The chilling sight of bodies floating down the Ganga became the overriding image of the Covid second wave that devastated many families in the country. The horror was captured by the Gujarati poem, Shav Vahini Ganga (Ganges, the Hearse of Corpses), by Parul Khakhar.

Many of the pictures were said to have been taken from the banks between Allahabad and Varanasi during the second wave of the pandemic.

But the issue did not harm the BJP in the election. The ruling party won all the three seats of Allahabad City and eight out of 12 in the district. Four seats have gone to the Samajwadi Party. The BJP has also retained all the eight seats in Varanasi.

Lakhimpur Kheri

The BJP bagged all eight seats of Lakhimpur Kheri, where Ashis Mishra, the son of Union minister Ajay Mishra Teni, was accused of mowing down four farmers and a journalist on October 3, 2021.

The clean sweep nailed the notion that the people would punish the BJP for going out of its way to stand by Teni. In Nighasan, under which falls the Tikunia curve where the killings took place, the BJP’s Shashank Verma defeated the SP’s R.K. Kushwaha by a margin of 42,000 votes.

Farmers’ movement

The agitation proved to be an exception somewhat and seemed to have helped the Samajwadi Party-Rashtriya Lok Dal alliance to some extent in western Uttar Pradesh.

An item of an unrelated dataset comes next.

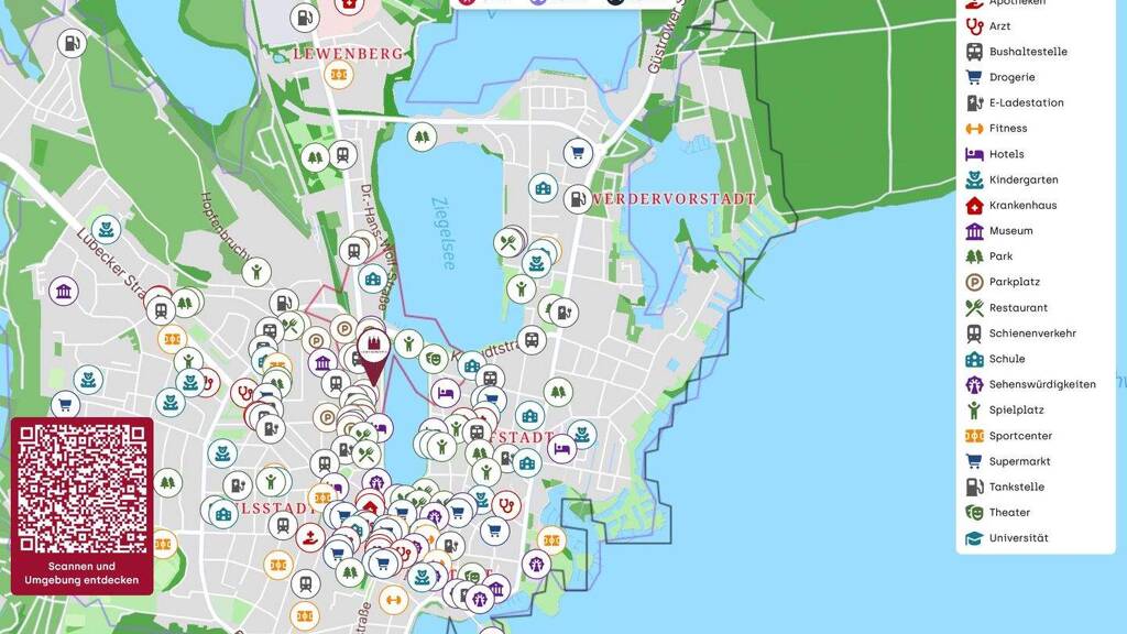 Der Stadtkern Schwerins mit seinen zahlreichen Cafés, Läden und Shoppingcenter liegt nur ein paar hundert Meter entfernt. Aus kultureller Sicht hat diese Lage ebenfalls ihre Reize. In wenigen Minuten erreichen Sie per Fahrrad oder ÖNV den Zoo, das Meckl. Staatstheater, genießen das Open Air Theater, Schloss, Museum, die Gärten des 21. Jahrhunderts im Schlossgarten oder die Innenstadt mit ihren zahlreichen Beispielen einer bewundernswerten Architektur.

Out of the six seats in Muzaffaragar, the home district of farm leader Rakesh Tikait, the BJP could win only two — Sadar and Khatauli. The SP-RLD alliance won Meerapur, Budhana, Charthawal and Purkaji. Last time, the BJP had won all six seats.

In the adjoining Shamli district, all the three seats — Kairana, Thana Bhawan and Shamli — went to the SP-RLD. Mriganka Singh, daughter of the late Hukum Singh, and Suresh Rana, the sugarcane minister in the Yogi Adityanath government, lost from Kairana and Thana Bhawan. The BJP in 2017 had two seats in Shamli.

Hukum had handed to the BJP a potential issue of forced migration of Hindu traders because of Muslim criminals in 2016. The then MP of Kairana, Hukum had presented a list of about 400 traders in Parliament. The list was eventually dismissed by the then SP government. But it was made an issue by Narendra Modi, Amit Shah and Adityanath in their speeches in the region.

Out of three Assembly seats in Baghpat district, the SP-RLD won Chaprauli while the BJP got Sadar and Badaut. Earlier too, the BJP had two.

The SP has won 42 out of 136 Assembly seats of western UP this time. It had only seven in 2017. The BJP has got 76 this time while the remaining are with other parties.